I never plugged in my phone line in my 921 and was told that I am being chaged $5 because o that per month! They said if I plug it in the system will deteck it and stop charging me and I dont need to call back. Does that sound reliable?


----------



## n0qcu (Mar 23, 2002)

NO - The only receivers that require a phoneline connect to save $5 per month are:
942
625
522
322
I don't know about the new mpeg4 receivers.


----------



## Kendick (Feb 1, 2005)

Notorious said:


> I never plugged in my phone line in my 921 and was told that I am being chaged $5 because o that per month! They said if I plug it in the system will deteck it and stop charging me and I dont need to call back. Does that sound reliable?

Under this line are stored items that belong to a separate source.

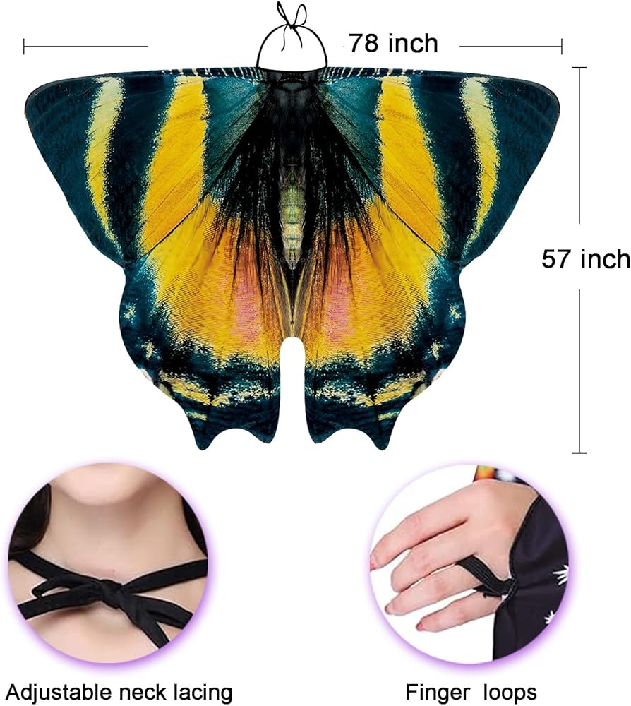 أزياء الهالوين للبالغين بأجنحة الفراشة مقاس كبير - مقاس غطاء الفراشة 78 × 57 بوصة. زي الفراشة بأجنحة الفراشة مصنوع بشكل أساسي من الشيفون، ناعم وحريري الملمس، مسامي وصديق للبشرة، خفيف الوزن، لذلك يمكنك ارتداؤه براحة.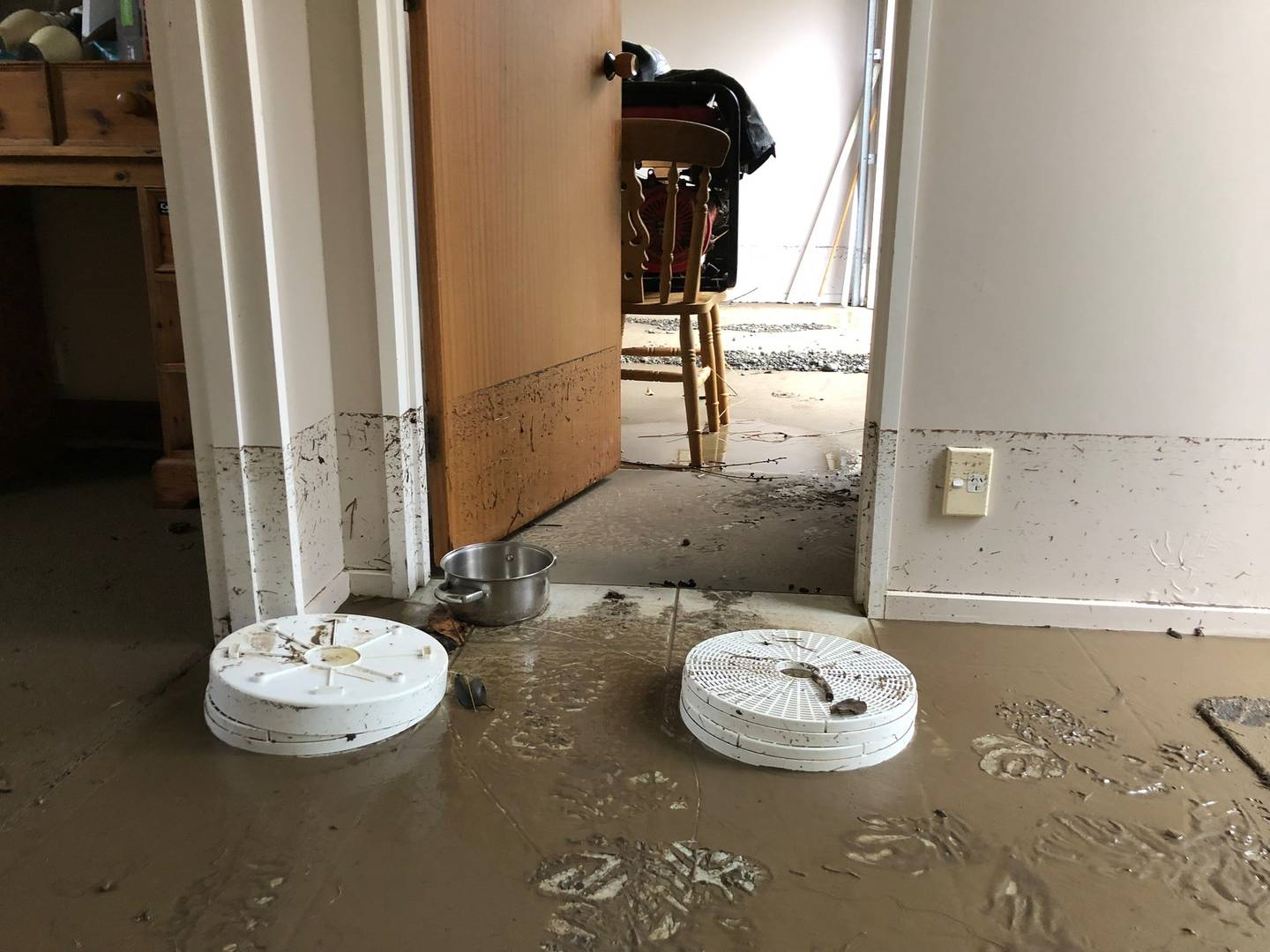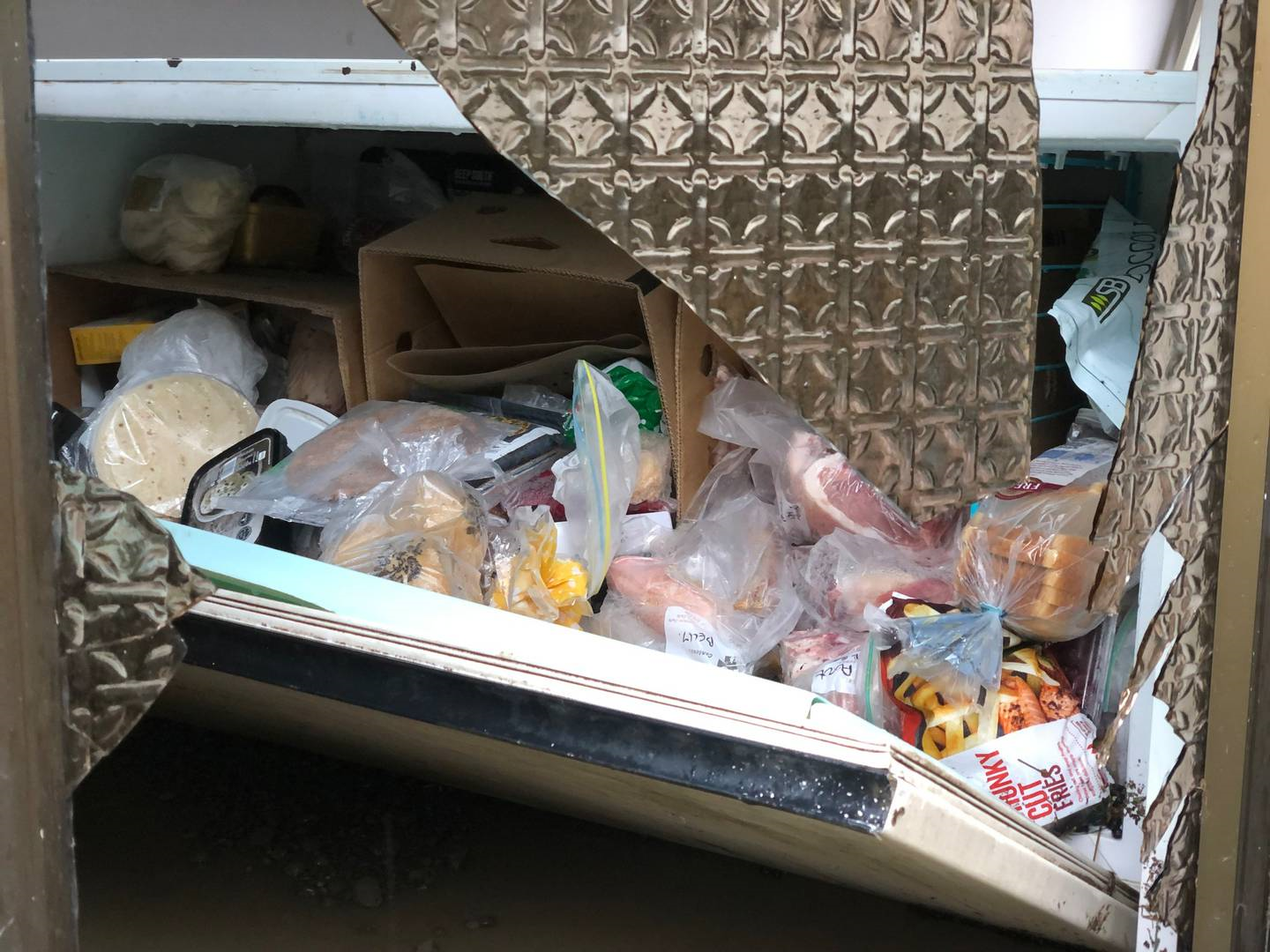 Such was the force of the water, a big chest freezer full of meat had been tipped on its side and smashed through the back door of the garage.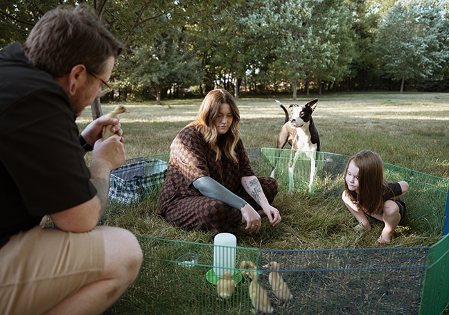 We have a dog, Darla, who is a big part of our family and one of the most gentle and loving pups. She is silly and loves to be around us wherever we are. This year we got 5 runner ducklings we named Betsy, Dot, Lulu, Peach, and Mabel. They’ve been very sweet pets and it’s been fun to watch them grow. We love having pets and raising our children around animals.

When ordering my VIP622, the CSR told me about the mandatory telephone connection, or a $5 charge. I explained that I had no phone jack near the Receiver's location and she suggested that the installing technician could put in a "wireless phone jack" using the electrical outlet.
Does this ring a bell with anyone?


----------



## dojoman (Jan 12, 2006)

Does anyone know what's the purpose of plugging the phone line and charging $5 for not doing so?


----------



## Ken Green (Oct 6, 2005)

dojoman said:


> Does anyone know what's the purpose of plugging the phone line and charging $5 for not doing so?


So Dish knows where the receivers are. If you have more than one line, be sure to plug your receivers into the phone number on your Dish Account.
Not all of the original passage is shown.